Since that conversation I have thought about the different paths that we have each taken since we decided to divorce. I went back to school and will be graduating in less than a month with highest honors; I met and married a man who loves me for who I am; I have a beautiful home and have doubled the number of children I have to love; and to top it all off, I get to continue to be a stay at home mom after I graduate (which is what I want to do). I think that it's clear that I have been truly blessed.
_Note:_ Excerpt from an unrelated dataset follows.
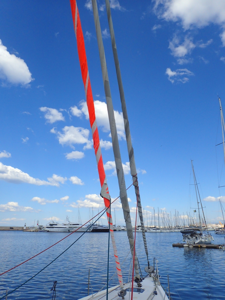 Для меня это выглядело очень забавно: в сложных условиях я полностью концентрируюсь на том, что делаю, иначе конец или кранец улетит в воду. Привязала я один кранец, глядь, а на лодку высадились двое с тузика. Привязала я второй кранец, глядь, а они уже рулят и рассказывают свой грандиозный план. Сложность была вот в чем: в марине швартуются к пирсу кормой, надо давать задний ход. При таких условиях давать задний ход нельзя по двум причинам: стоит поднять киль, и яхта станет неуправляемой, у корпуса слишком большая парусность. Во-вторых, мощности мотора при таком ветре на задний ход не хватит. Поэтому делали пиратский разворот, как молодой Джек Воробей в ПКМ-5, ну почти. Только там накидывали сезни на скалу и резко разворачивались на 90 градусов, а наши маринеро на ходе вперед накидывали дальний швартов к крайнему месту на пирсе. Швартов становился шпрингом и нас медленно двигало вбок, пока все подтягивали яхту. Было круто, хотя наш капитан и сам бы наверняка справился. Но депозит в 5000 евро был нам дорог и мы не протестовали :-)

I don't want to run my ex down so suffice it to say that his life has not taken a similar path. As I thought of all these things (including the ones about him I haven't shared) I kept having the chorus to a Garth Brooks song run through my mind...

She’s gonna make it
And he never will
He’s at the foot of the mountain
And she’s over that hill
He’s sinkin’ at sea
And her sails are filled
She’s gonna make it
And he never will

If you know this song, the lyrics to the verses don't apply, just the chorus. I don't wish bad things for my ex. In fact I wish that he would straighten out the multiple areas of his life that need straightening. But he has his agency and is choosing to exercise it in different ways than I have. There's really not any more to say than that.

4 comments:

Melanie said...

Oh...I feel sad for him but am VERY HAPPY FOR YOU that your life has turned out the way it has.

HIS loss. The big JERK! (he he he)

Sometimes we reap what we sow.

Andrea said...

Very diplomatic! I am glad you are doing so well!

MaryRuth said...

You're very kind. I think I'd so some bashing... haha!
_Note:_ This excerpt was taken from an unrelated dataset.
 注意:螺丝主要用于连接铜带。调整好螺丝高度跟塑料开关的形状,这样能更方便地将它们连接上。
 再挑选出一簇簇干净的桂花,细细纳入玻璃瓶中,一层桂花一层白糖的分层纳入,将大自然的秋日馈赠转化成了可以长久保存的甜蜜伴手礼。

Good things happen to good people. And that could apply the other way as well... not saying R isn't a good person... but obviously his life isn't working out like he hoped. Happy for you!!

Holly said...

I am clearly behind on reading blogs, and yes, you are doing great in life. But I can't get past the part where you know country songs. Or at least 1. Who are you and what have you done with my sister?!